N-(n-Butyl)thiophosphoric triamide
- Names: Other names Agrotain N-Butylphosphorothioic triamide

Identifiers
- CAS Number: 94317-64-3;
- 3D model (JSmol): Interactive image;
- ChEMBL: ChEMBL3186430;
- ChemSpider: 84405;
- ECHA InfoCard: 100.103.392
- EC Number: 435-740-7;
- PubChem CID: 93502;
- UNII: A6103OK7GF;
- CompTox Dashboard (EPA): DTXSID4044747 ;

Properties
- Chemical formula: C_{4}H_{14}N_{3}PS
- Molar mass: 167.21 g·mol^{−1}
- Appearance: white solid
- Melting point: 54 °C (129 °F; 327 K)
- Hazards: GHS labelling:
- Pictograms: GHS05: Corrosive GHS08: Health hazard
- Signal word: Danger
- Hazard statements: H318, H361
- Precautionary statements: P201, P202, P280, P281, P305+P351+P338, P308+P313, P310, P405, P501

= N-(n-Butyl)thiophosphoric triamide =

N-(n-Butyl)thiophosphoric triamide (NBPT) is the organophosphorus compound with the formula SP(NH_{2})_{2}(NHC_{4}H_{9}).
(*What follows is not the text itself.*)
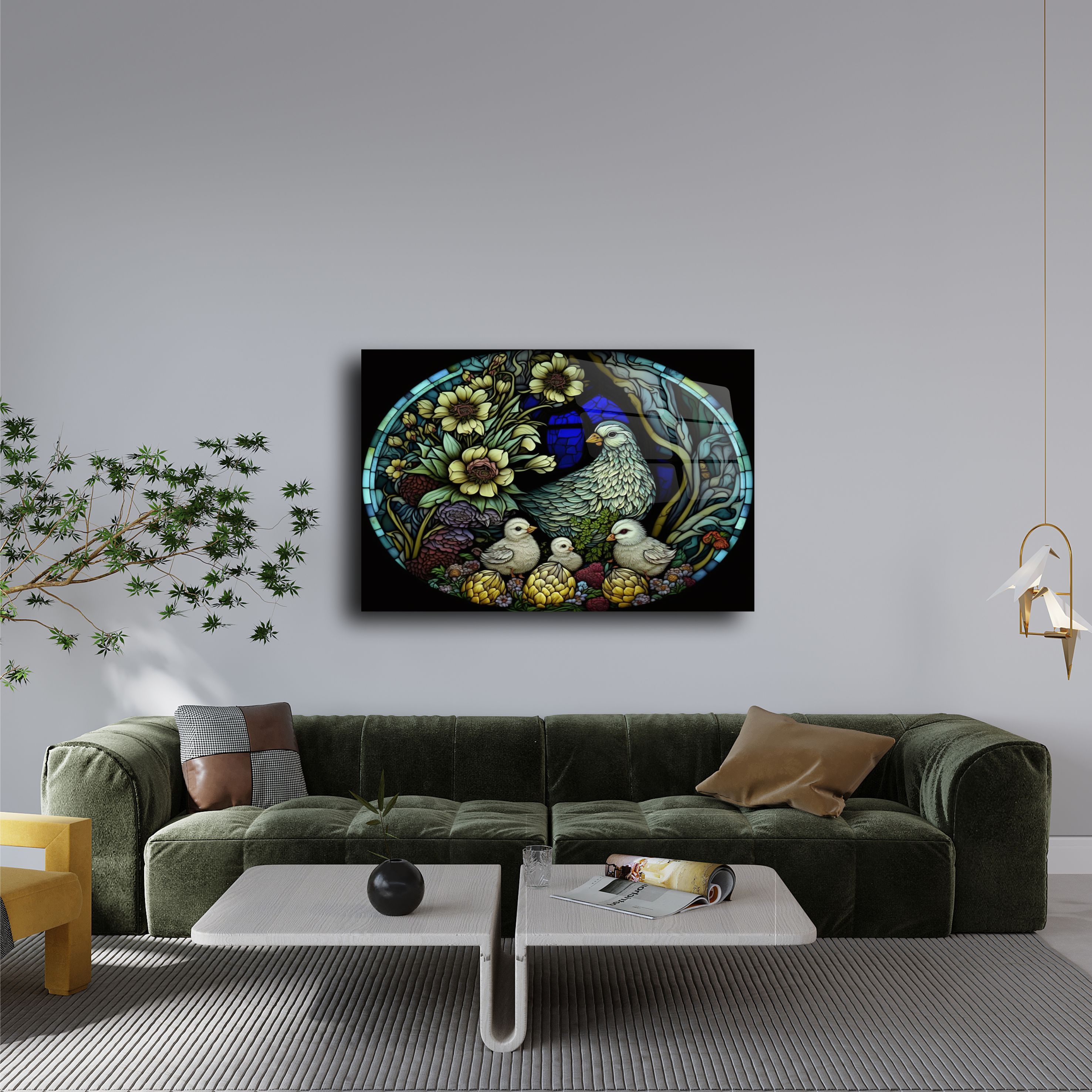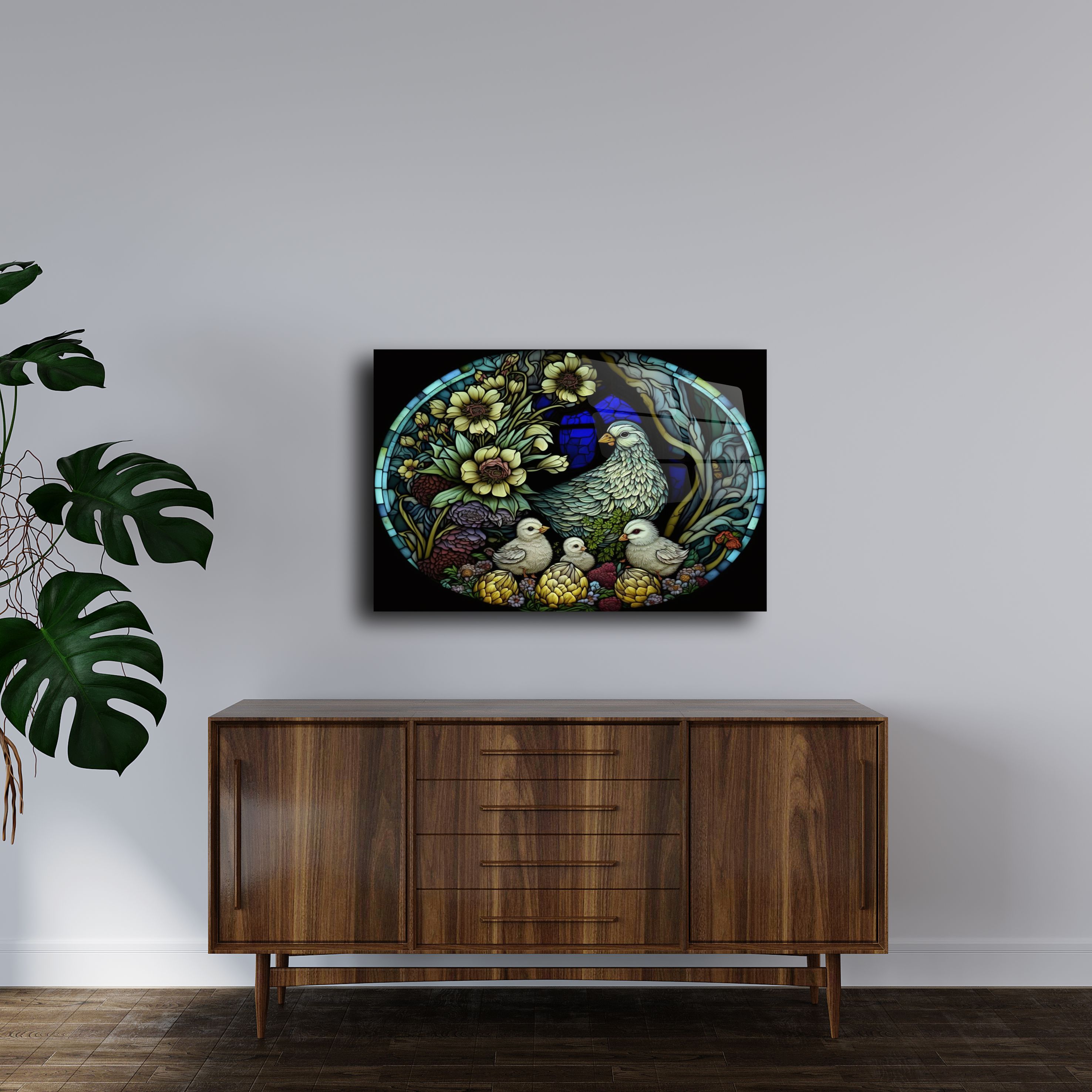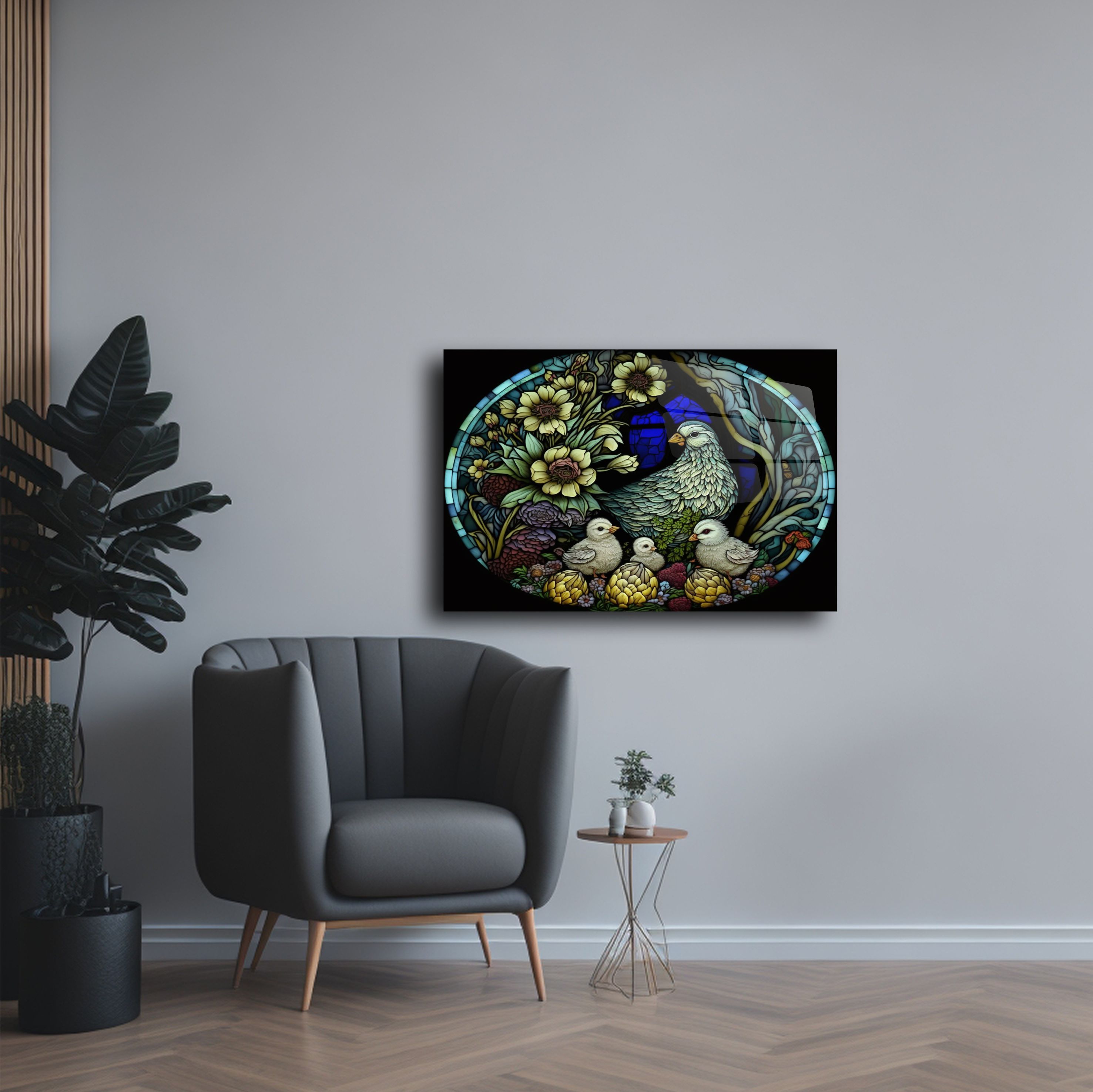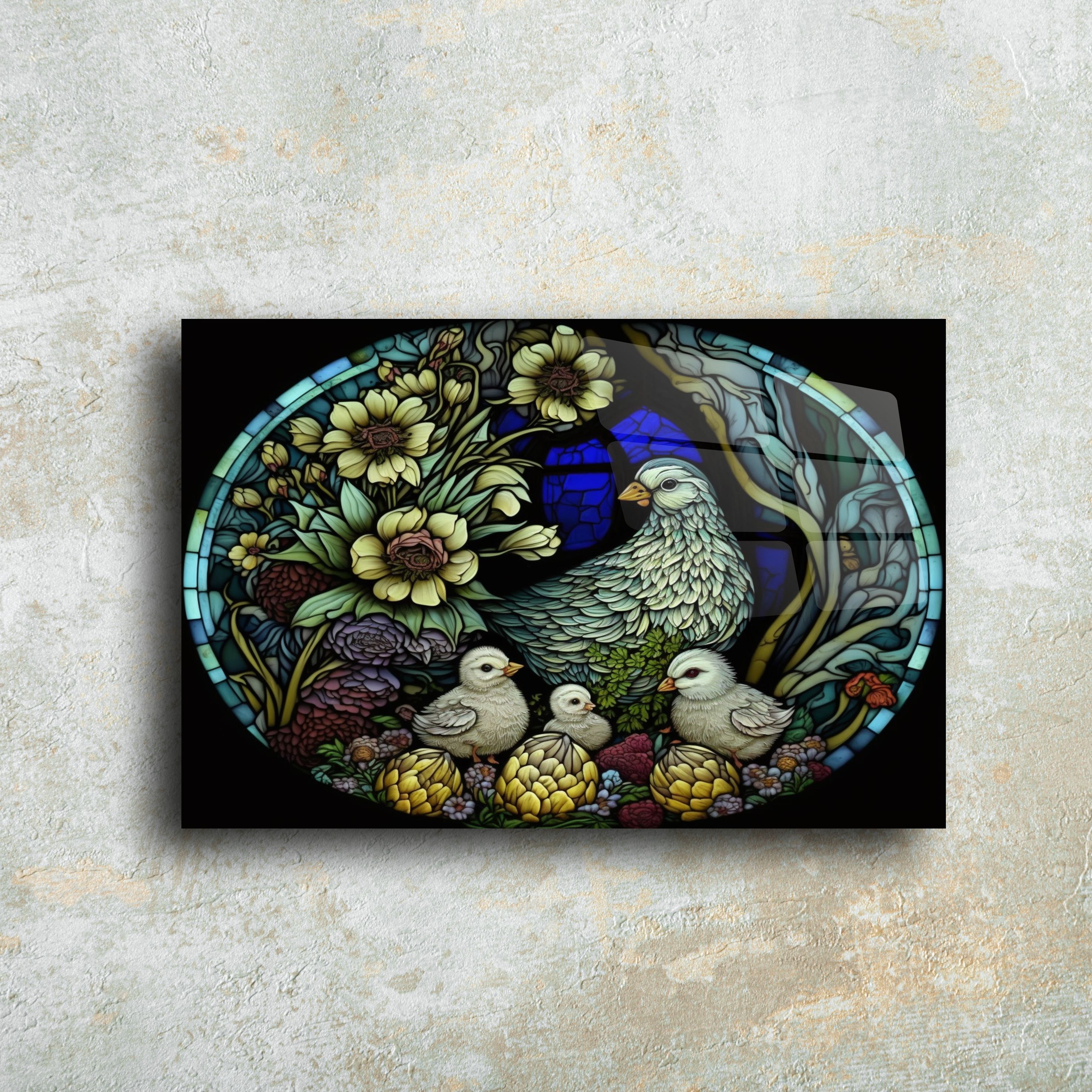 Evinizi bir sanat galerisine dönüştürmek ister misiniz? Vitray stili tavuk ve civciv desenli bu cam tablo, zamansız bir estetik anlayışı ile tasarlandı. 4 mm kalınlığında temperli cam üzerine UV baskı teknolojisi ile uygulanan bu tablo, netliği ve renk canlılığıyla dikkat çeker.

It is an amide of thiophosphoric acid. A white solid, NBPT is an "enhanced efficiency fertilizer", intended to limit the release of nitrogen-containing gases following fertilization. Regarding its chemical structure, the molecule features tetrahedral phosphorus bonded to sulfur and three amido groups.

==Use==
NBPT functions as an inhibitor of the enzyme urease. Urease, pervasive in soil microorganisms, converts urea into ammonia, which is susceptible to volatilization if produced faster than it can be utilized by plants. Approximately 0.5% by weight NBPT is mixed with the urea.